Jesse Griffith, President & CEO
Walter Spagnuolo, Investor Relations
Telephone: +1 (877) 816-8163
Email: relations@globalhelium.com
  

READER ADVISORIES

Forward Looking Statements

No securities regulatory authority has reviewed nor accepts responsibility for the adequacy or accuracy of the content of this news release.

This news release contains forward-looking statements and other statements that are not historical facts. Forward-looking statements are often identified by terms such as “will”, “may”, “should”, “anticipate”, “expects” and similar expressions. All statements other than statements of historical fact, included in this internal announcement are forward-looking statements that involve risks and uncertainties. There can be no assurance that such statements will prove to be accurate and actual results and future events could differ materially from those anticipated in such statements. Important factors that could cause actual results to differ materially from the Company’s expectations include the failure to satisfy the conditions of the relevant securities exchange(s) and other risks detailed from time to time in the filings made by the Company with securities regulators. The reader is cautioned that assumptions used in the preparation of any forward-looking information may prove to be incorrect. Events or circumstances may cause actual results to differ materially from those predicted, as a result of numerous known and unknown risks, uncertainties, and other factors, many of which are beyond the control of the Company.

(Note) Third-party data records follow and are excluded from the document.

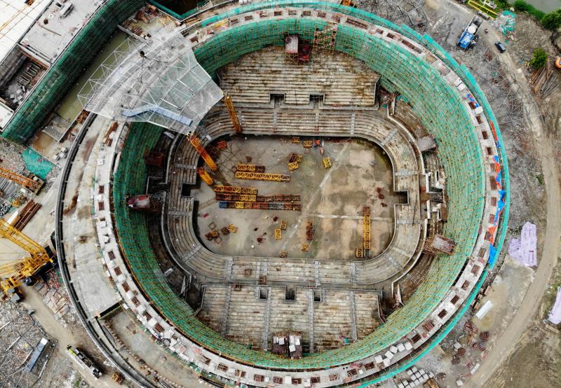 2020年6月9日,從空中俯瞰正在建設(shè)中的杭州亞運會乒乓球館。
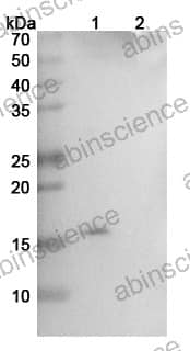 Western blot analysis was performed using anti-GREM1 monoclonal antibody at 1ug/mL on various samples. Lane 1: recombinant human GREM1 (Catalog No: HT246011) Lane 2: negative control
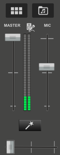 In Master View, a Master volume fader, Mic input fader and VU Meters for the Master and Mic are displayed.
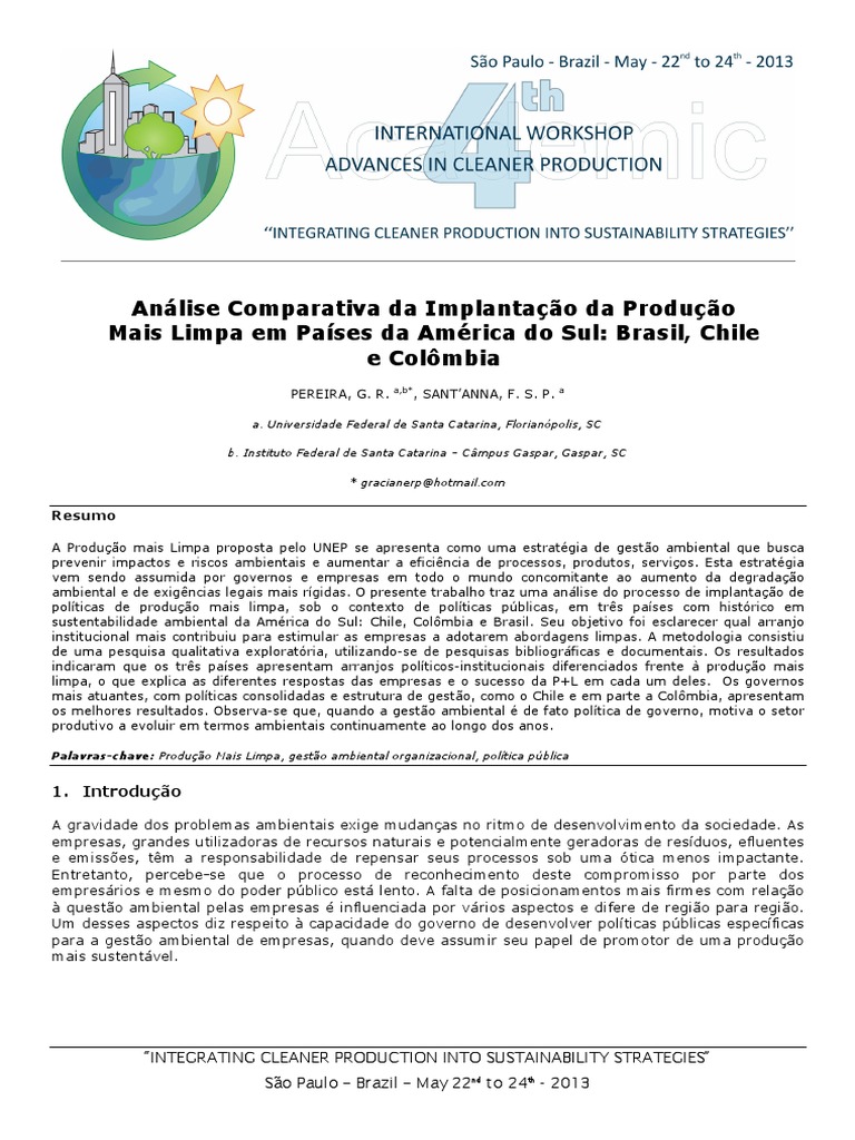 São Paulo – Brazil – 20 – 22 May 2009. Acessado em Abril/2012.. Acessado Agosto/2010 _____. 2010. Acessado em Fevereiro/2013. Panorama de aplicação da norma ISO 14001 no Brasil. Sao Paulo – Brazil.10 4th International Workshop | Advances in Cleaner Production – Academic Work MMA. W. Acessado em Setembro/2012. HERRERA./Apr. São Paulo – Brazil – 18 – 20 May de 2011. Barreiras à Implementação de Produção Mais Limpa Como Prática de Ecoeficiência em Pequenas e Médias Empresas no Estado do Rio de Janeiro. PmaisL – Rede Brasileira de Produção mais Limpa: Relatório 10 anos de parceria. PACHECO. vol. Disponível em: < http://www. Tecnologías Limpias em la industria minero-metalúrgica.pdf>.pdf>.gov.pdf>.R. MAGRINI. Disponível em: <http://www. Acessado em Agosto/2012 VAN HOOF.html>.fr/scp/cp/>.pmaisl. A. BARATA.1 São Carlos Jan. Disponível em: <http://www. POMBO. M. “INTEGRATING CLEANER PRODUCTION INTO SUSTAINABILITY STRATEGIES” São Paulo – Brazil – May 22nd to 24th . J. Disponível em: <http://www. Acessado em Abril/2012.unep. In III International Workshop Advances in Cleaner Production: CLEANER PRODUCTION INITIATIVES AND CHALLENGES FOR A SUSTAINABLE WORLD. United Nations Environment Programme.tecnologiaslimpias.php?ido=conteudo. Cleaner Production at an Environmental Agency: 15 Years of Experience at CETESB. La evolución y el futuro de La producción más limpia en Colombia. 2010.paho.br/scielo.bvsde. ____. F. Portaria nº 454. Acessado em Fevereiro/2012.mma. Revista de Ingeniería.mma. In II International Workshop Advances in Cleaner Production: CLEANER PRODUCTION INITIATIVES AND CHALLENGES FOR A SUSTAINABLE WORLD. F. RIBEIRO. Prod. Resource Efficient and Cleaner Production.gov. Bart.br/sitio/index. UNEP.scielo.cl/chile/chile_marcolegprodlimp. Carlos Manuel..monta&idEstrutura=234>. Bogotá.php?pid=S0104- 530X2008000100002&script=sci_arttext>.unep. Colombia.org>. T. Plano de Produção e Consumo Sustentável – PPCS. Dezembro de 2007.15 no.2013 . Gest. SEBRAE/CEBDS. ____. Acessado em Agosto/2011.br/estruturas/243/_arquivos/ plano_de_ao_para_pcs___documento_para_consulta_243. <Disponível em http://www. de 28/11/2003. Universidad de los Andes. Disponível em: <http://www. Comitê Gestor de Produção mais Limpa.com. Disponível em <http://www.br/publicacoes/relatorio_10anos. M. F.org/bvsacd/cd38/Brasil/PMMA454-03. M. M. B. ROSSI. Comitê Gestor Nacional de Produção e Consumo Sustentáveis. 2008. Disponível em: <http://www. Portaria 44/08.
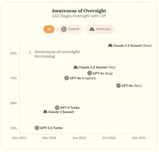 Performance on these tasks has improved steadily over time. By early 2025, frontier models were scoring around 50% on SAD-lite, with scores increasing approximately 15 percentage points over just one year (AI Digest, 2024). However, even the highest-scoring model (Claude 3 Opus) remained far from human-level performance on certain tasks.
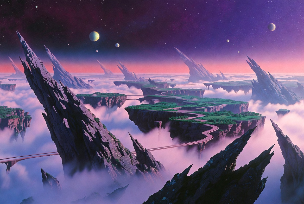 aerial view, clouds, digital art, fantasy world, green grass, illustration, jagged rocks, lush greenery, moons, pink bridge, planets, purple sky, rocky formations, sci-fi art, surreal landscape, vibrant colors, floating islands
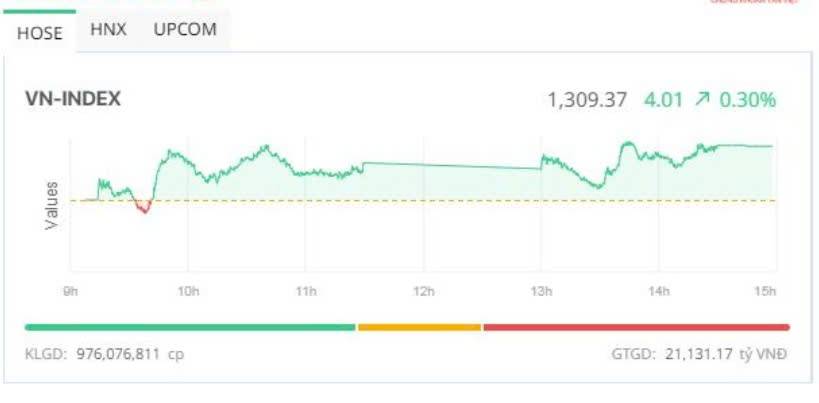 Đóng cửa, sàn HOSE có 240 mã tăng và 223 mã giảm, VN-Index tăng 4,01 điểm (+0,31%) lên 1.309,37 điểm. Tổng khối lượng giao dịch đạt hơn 976 triệu đơn vị, giá trị hơn 21.131 tỷ đồng, tăng 19,75% về khối lượng và 13,23% về giá trị so với phiên cuối tuần qua ngày 28/2. Giao dịch thỏa thuận đóng góp 174,2 triệu đơn vị, giá trị 4.087,6 tỷ đồng.
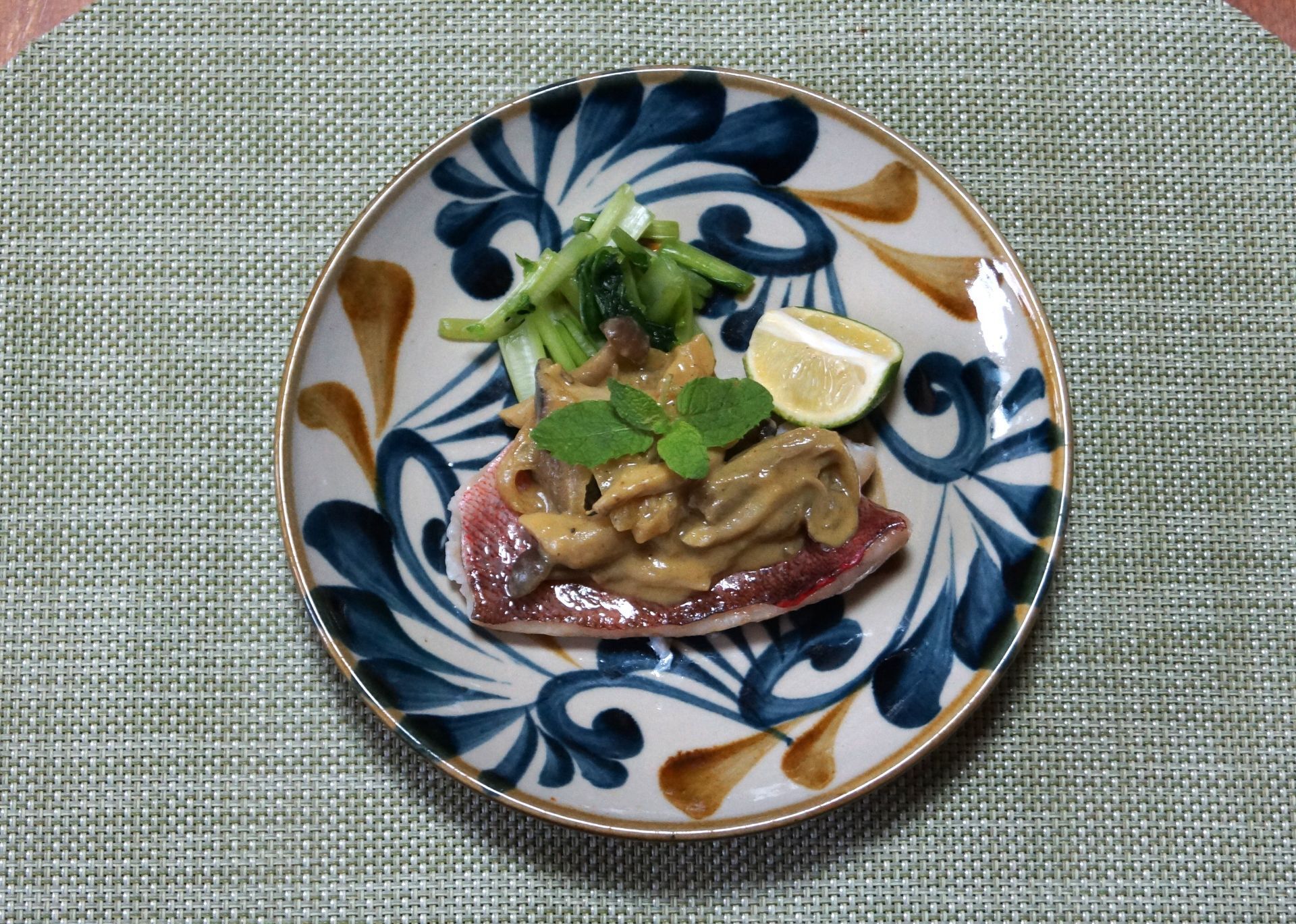 器にベビーリーフと魚を盛りつけ❹をかけて出来上がり。

The reader is cautioned not to place undue reliance on any forward-looking information. Such information, although considered reasonable by management at the time of preparation, may prove to be incorrect and actual results may differ materially from those anticipated. Forward-looking statements contained in this internal announcement are expressly qualified by this cautionary statement. The forward-looking statements contained in this internal announcement are made as of the date of this internal announcement and the Company will update or revise publicly any of the included forward-looking statements as expressly required by applicable law.